Do you ever look at yourself in the mirror and wonder who it is that is staring back at you?
When I stand in front of the mirror each morning I gaze at the black circles and bags under my eyes. I pinch and pull at them hoping that they will straighten out like creases in the bed sheets – they don’t. In fact, a few early nights and Piglet not waking in the night would be the only miracle cure for them.
As I get dressed into my signature dark jeans and stripy top, I pull it down to disguise my mummy tummy. Standing there I am aware that whilst I weigh less than I did when I fell pregnant with Piglet, my body shape has changed.
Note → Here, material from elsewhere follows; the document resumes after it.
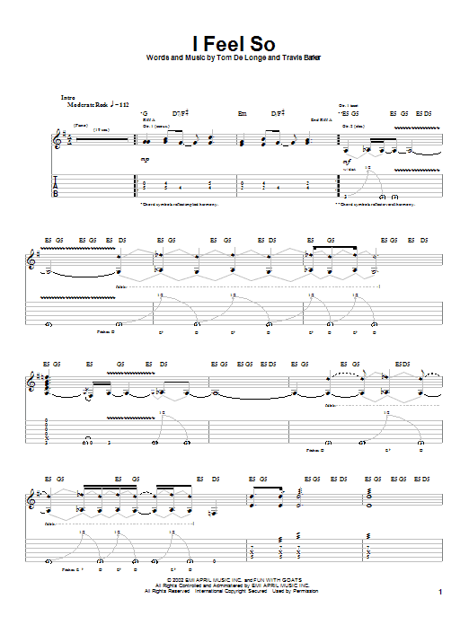 Download or print Box Car Racer I Feel So sheet music, chords and digital score arranged for Guitar Tab. This Rock score includes 6 page(s).

There are still so many pounds for me to lose in order to feel comfortable with myself. Maybe then I will address my mummy wardrobe and dress a little more out of my comfort zone.
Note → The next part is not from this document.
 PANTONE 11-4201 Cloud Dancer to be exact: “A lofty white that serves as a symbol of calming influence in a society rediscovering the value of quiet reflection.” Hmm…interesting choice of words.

I don’t like to have my photo taken, always joking that I am the one who takes them. The reality is that when my children come to look back on days out and family holidays it will be as though I was never there. No photos of me for them to look back on, just the ones of them and Mr. Boo enjoying themselves. This became apparent as I was looking for some photos for a project and struggled to find anything recent of myself.
Getting over my fear of looking appalling in photographs I decided to make sure that there is at least one photo of me whenever we go out together. Roo is a very big helper in this department and is happy to take the camera and snap away. Whilst I look at the photos with criticism for my mummy tummy, my dark uninspiring wardrobe and the bags under my eyes. My children look at them and see me, their mum and that is all that truly matters.